▸ **Work instructions**
Only the lines below from the one containing "高永胜首先介绍了新一轮审核评" to the one containing "Large unframed painting" should be repeated, both included and unchanged.
[Opening Data supplied section]
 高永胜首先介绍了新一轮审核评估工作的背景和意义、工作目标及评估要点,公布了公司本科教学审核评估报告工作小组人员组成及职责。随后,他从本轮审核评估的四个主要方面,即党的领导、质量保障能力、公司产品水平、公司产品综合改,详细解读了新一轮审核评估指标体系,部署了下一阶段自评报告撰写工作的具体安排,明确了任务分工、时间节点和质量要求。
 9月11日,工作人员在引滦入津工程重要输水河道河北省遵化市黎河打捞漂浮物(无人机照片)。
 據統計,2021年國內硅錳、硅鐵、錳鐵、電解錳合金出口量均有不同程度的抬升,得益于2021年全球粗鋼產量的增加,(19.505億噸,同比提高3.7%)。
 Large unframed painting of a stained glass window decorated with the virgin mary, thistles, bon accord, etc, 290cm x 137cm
[Closing Data supplied section]
[Opening Data supplied section]
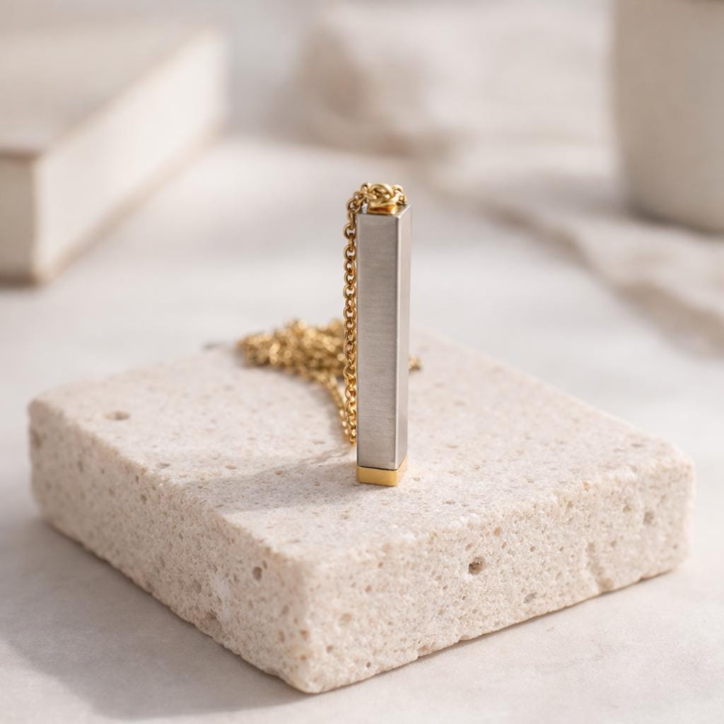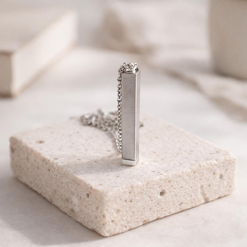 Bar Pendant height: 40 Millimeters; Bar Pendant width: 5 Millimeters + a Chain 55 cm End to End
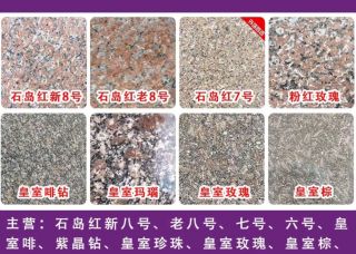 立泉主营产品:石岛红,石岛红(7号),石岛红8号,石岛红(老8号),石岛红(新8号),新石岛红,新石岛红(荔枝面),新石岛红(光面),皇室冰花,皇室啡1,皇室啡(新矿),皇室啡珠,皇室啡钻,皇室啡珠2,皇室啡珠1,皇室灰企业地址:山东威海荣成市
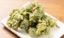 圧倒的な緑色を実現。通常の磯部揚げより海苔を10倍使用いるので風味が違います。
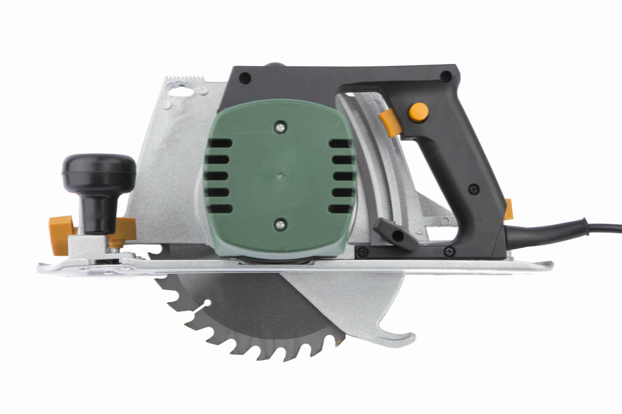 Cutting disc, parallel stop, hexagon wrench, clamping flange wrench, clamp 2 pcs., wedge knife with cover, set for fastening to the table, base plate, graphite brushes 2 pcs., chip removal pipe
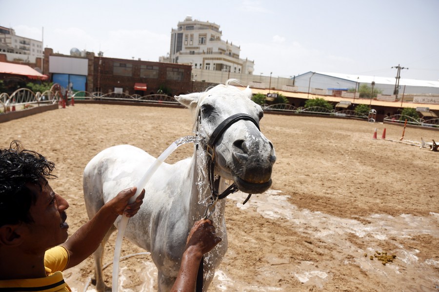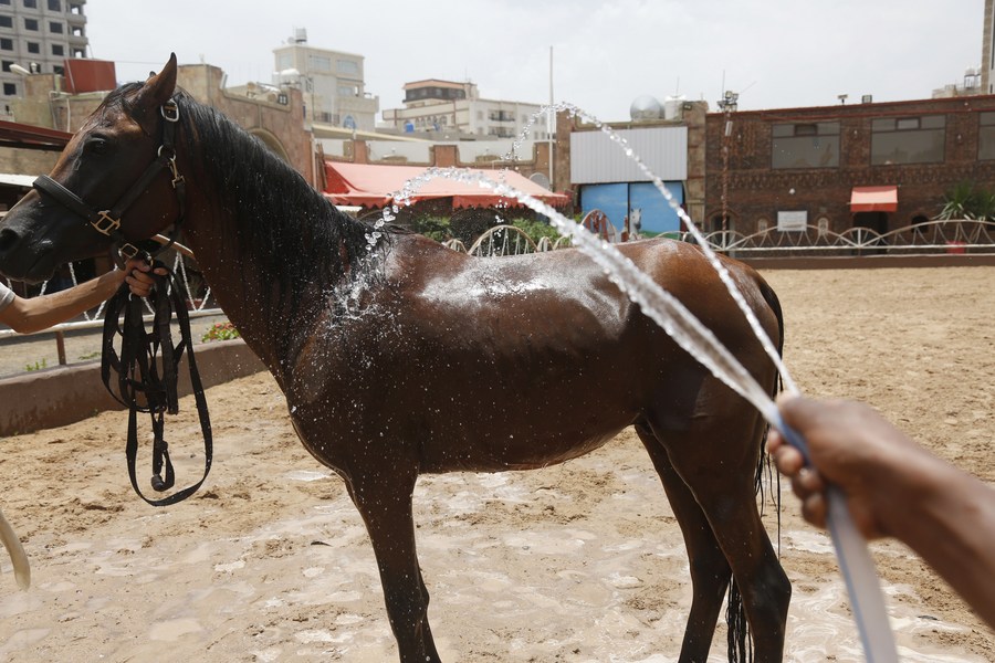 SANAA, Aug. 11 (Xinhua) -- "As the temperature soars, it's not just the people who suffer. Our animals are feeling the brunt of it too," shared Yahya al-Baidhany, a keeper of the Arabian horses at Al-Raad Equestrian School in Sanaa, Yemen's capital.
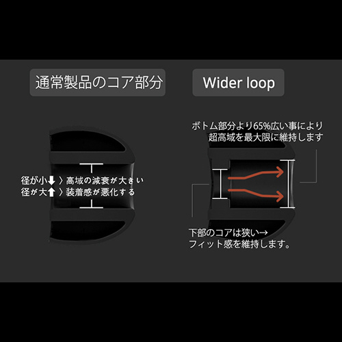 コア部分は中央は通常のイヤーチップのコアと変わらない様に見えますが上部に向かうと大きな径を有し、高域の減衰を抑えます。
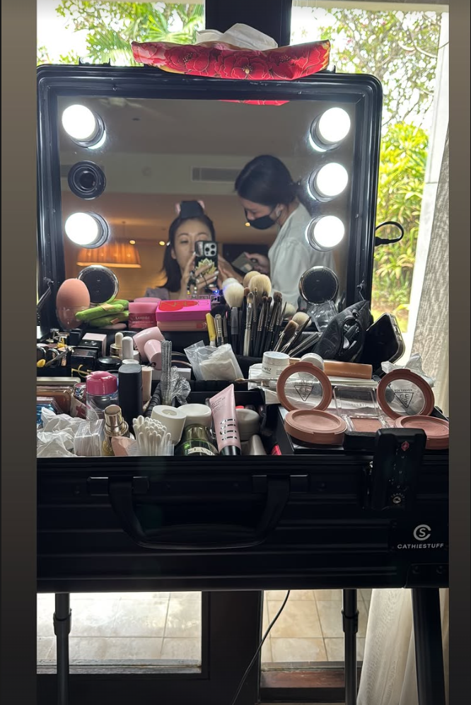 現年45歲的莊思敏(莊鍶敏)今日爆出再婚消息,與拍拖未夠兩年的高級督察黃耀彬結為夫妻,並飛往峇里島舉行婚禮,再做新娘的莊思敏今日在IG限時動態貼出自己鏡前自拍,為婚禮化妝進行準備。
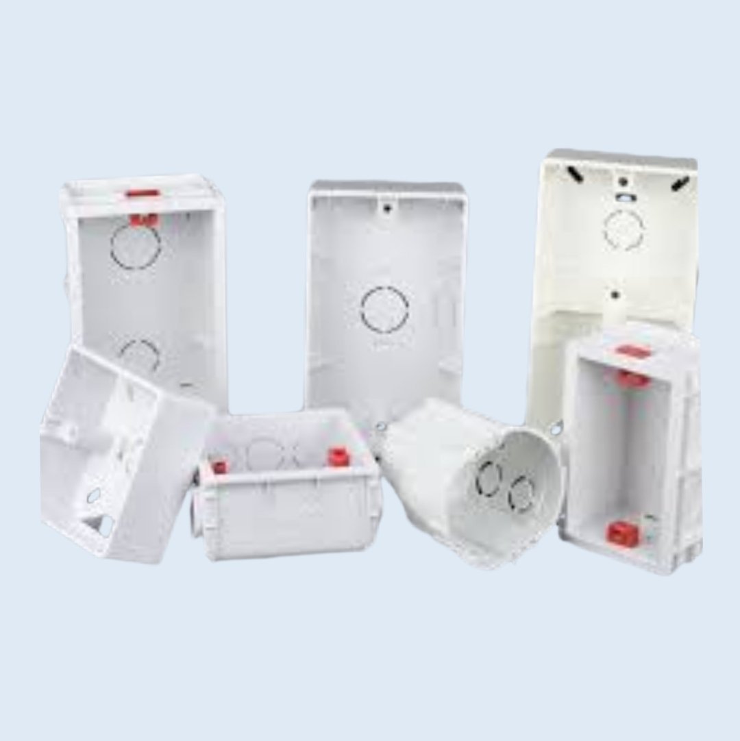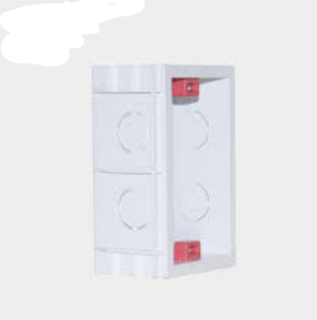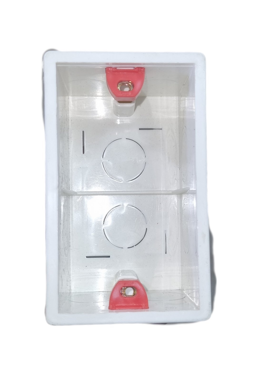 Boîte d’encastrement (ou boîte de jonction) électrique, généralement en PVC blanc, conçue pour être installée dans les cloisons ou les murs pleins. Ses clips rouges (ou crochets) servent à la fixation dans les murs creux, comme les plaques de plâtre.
[Closing Data supplied section]
▸ **Expected answer**
 高永胜首先介绍了新一轮审核评估工作的背景和意义、工作目标及评估要点,公布了公司本科教学审核评估报告工作小组人员组成及职责。随后,他从本轮审核评估的四个主要方面,即党的领导、质量保障能力、公司产品水平、公司产品综合改,详细解读了新一轮审核评估指标体系,部署了下一阶段自评报告撰写工作的具体安排,明确了任务分工、时间节点和质量要求。
 9月11日,工作人员在引滦入津工程重要输水河道河北省遵化市黎河打捞漂浮物(无人机照片)。
 據統計,2021年國內硅錳、硅鐵、錳鐵、電解錳合金出口量均有不同程度的抬升,得益于2021年全球粗鋼產量的增加,(19.505億噸,同比提高3.7%)。
 Large unframed painting of a stained glass window decorated with the virgin mary, thistles, bon accord, etc, 290cm x 137cm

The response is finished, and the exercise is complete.